## WHAT YOU HAVE TO DO:
Restate, exactly as written, the entries below from the line that holds "El presidente del" through the line that holds "Modern Style Dining". Pictures are not part of the copy.

## PROVIDED INFORMATION:

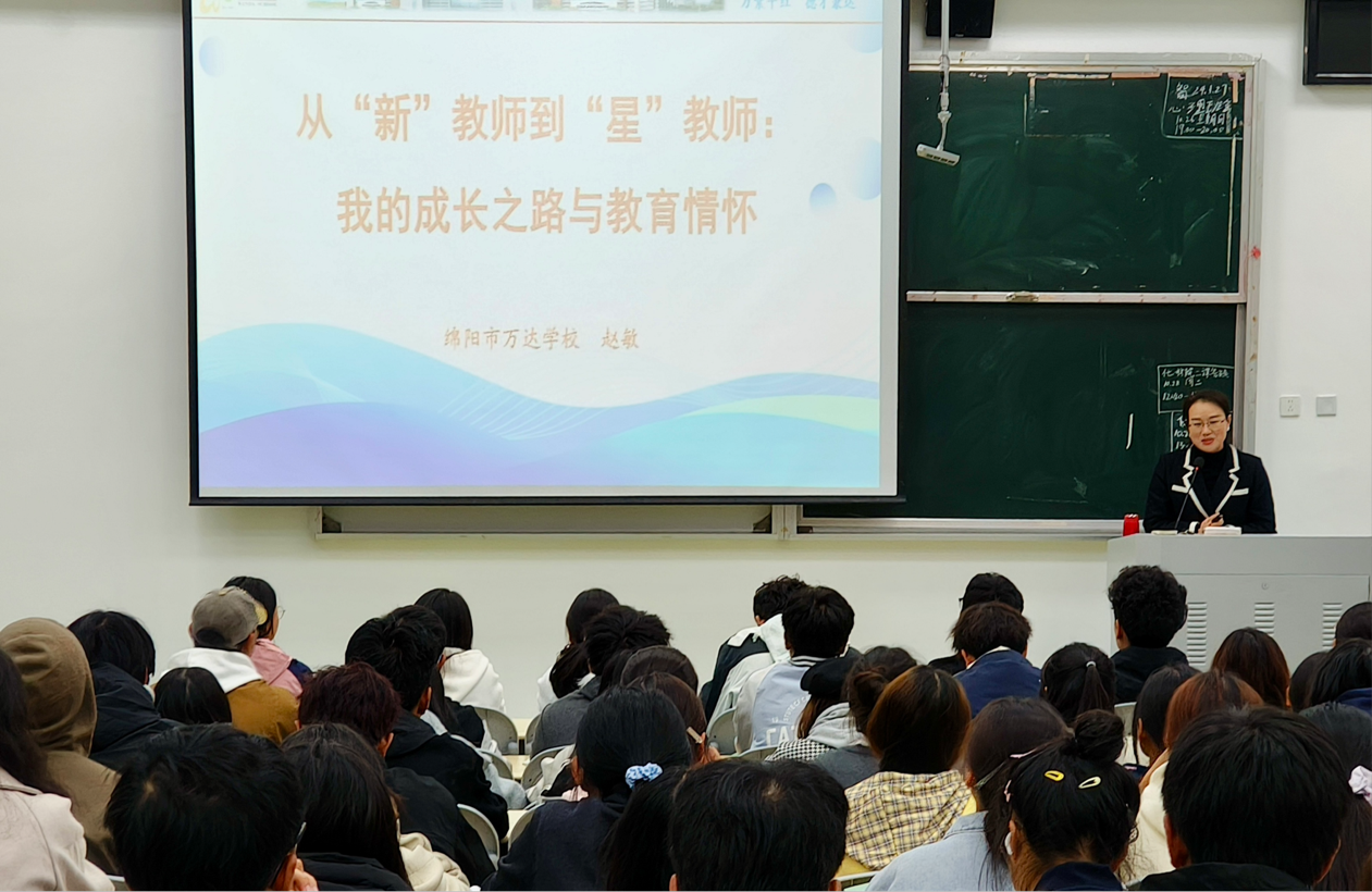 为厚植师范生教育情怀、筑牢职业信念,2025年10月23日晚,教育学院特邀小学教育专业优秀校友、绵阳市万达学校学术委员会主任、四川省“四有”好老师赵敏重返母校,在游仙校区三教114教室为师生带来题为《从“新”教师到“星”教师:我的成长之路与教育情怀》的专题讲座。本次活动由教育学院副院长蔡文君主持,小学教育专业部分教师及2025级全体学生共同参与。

--

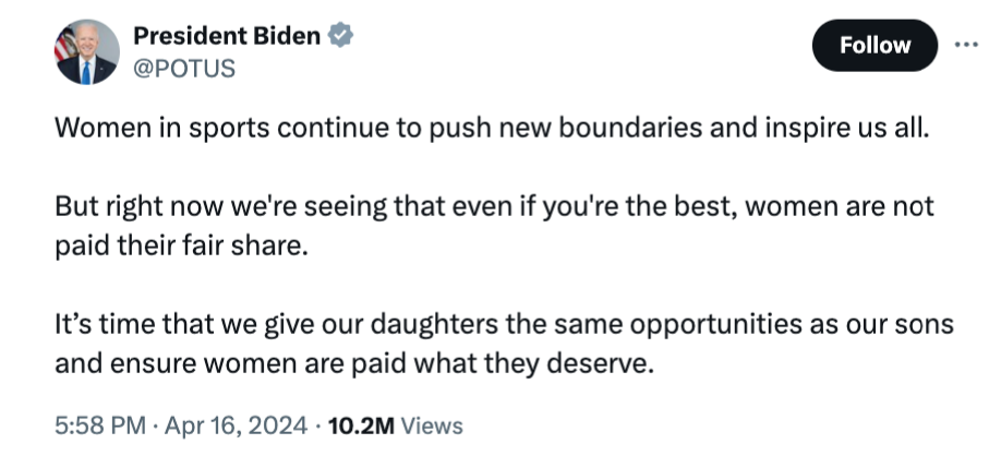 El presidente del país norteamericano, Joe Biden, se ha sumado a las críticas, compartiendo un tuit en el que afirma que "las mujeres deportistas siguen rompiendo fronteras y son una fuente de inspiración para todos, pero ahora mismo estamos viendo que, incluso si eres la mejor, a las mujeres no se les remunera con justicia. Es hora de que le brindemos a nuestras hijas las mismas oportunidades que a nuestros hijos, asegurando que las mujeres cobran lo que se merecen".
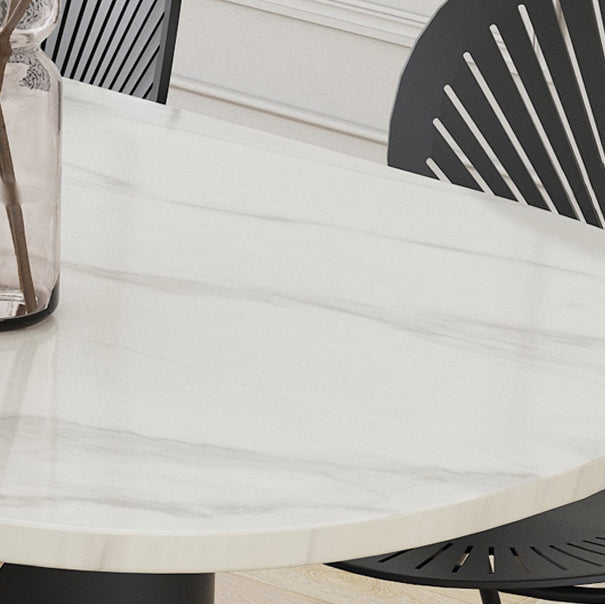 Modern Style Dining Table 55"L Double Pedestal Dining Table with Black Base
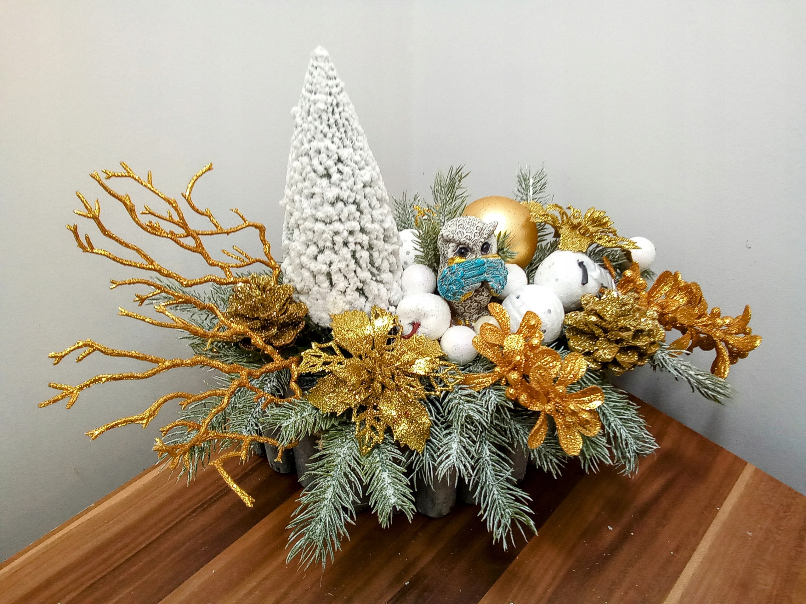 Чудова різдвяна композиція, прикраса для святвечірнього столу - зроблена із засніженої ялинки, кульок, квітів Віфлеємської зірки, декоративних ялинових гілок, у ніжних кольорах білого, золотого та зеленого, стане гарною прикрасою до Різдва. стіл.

---

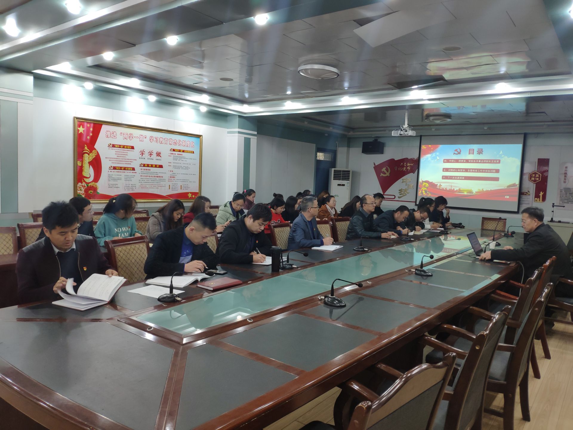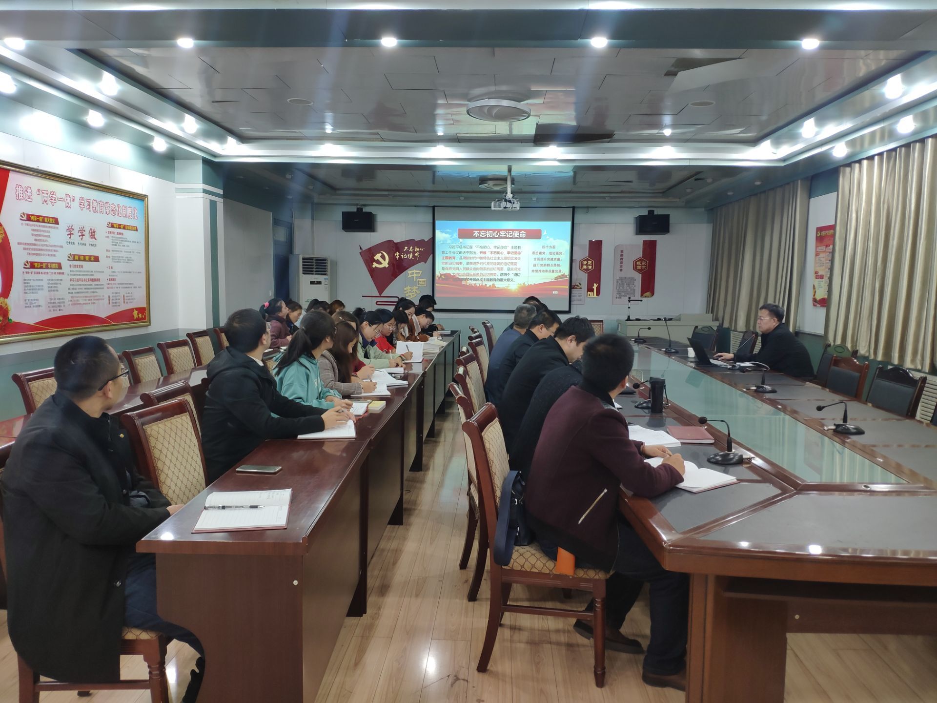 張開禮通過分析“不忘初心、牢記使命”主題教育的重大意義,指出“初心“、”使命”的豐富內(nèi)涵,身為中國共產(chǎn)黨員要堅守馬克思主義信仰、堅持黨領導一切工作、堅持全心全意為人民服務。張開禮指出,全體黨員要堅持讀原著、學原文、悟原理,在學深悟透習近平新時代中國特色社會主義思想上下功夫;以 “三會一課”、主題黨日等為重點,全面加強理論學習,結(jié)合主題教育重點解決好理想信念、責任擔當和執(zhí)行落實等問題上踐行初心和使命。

## WRITTEN SOLUTION:
 El presidente del país norteamericano, Joe Biden, se ha sumado a las críticas, compartiendo un tuit en el que afirma que "las mujeres deportistas siguen rompiendo fronteras y son una fuente de inspiración para todos, pero ahora mismo estamos viendo que, incluso si eres la mejor, a las mujeres no se les remunera con justicia. Es hora de que le brindemos a nuestras hijas las mismas oportunidades que a nuestros hijos, asegurando que las mujeres cobran lo que se merecen".
 Modern Style Dining Table 55"L Double Pedestal Dining Table with Black Base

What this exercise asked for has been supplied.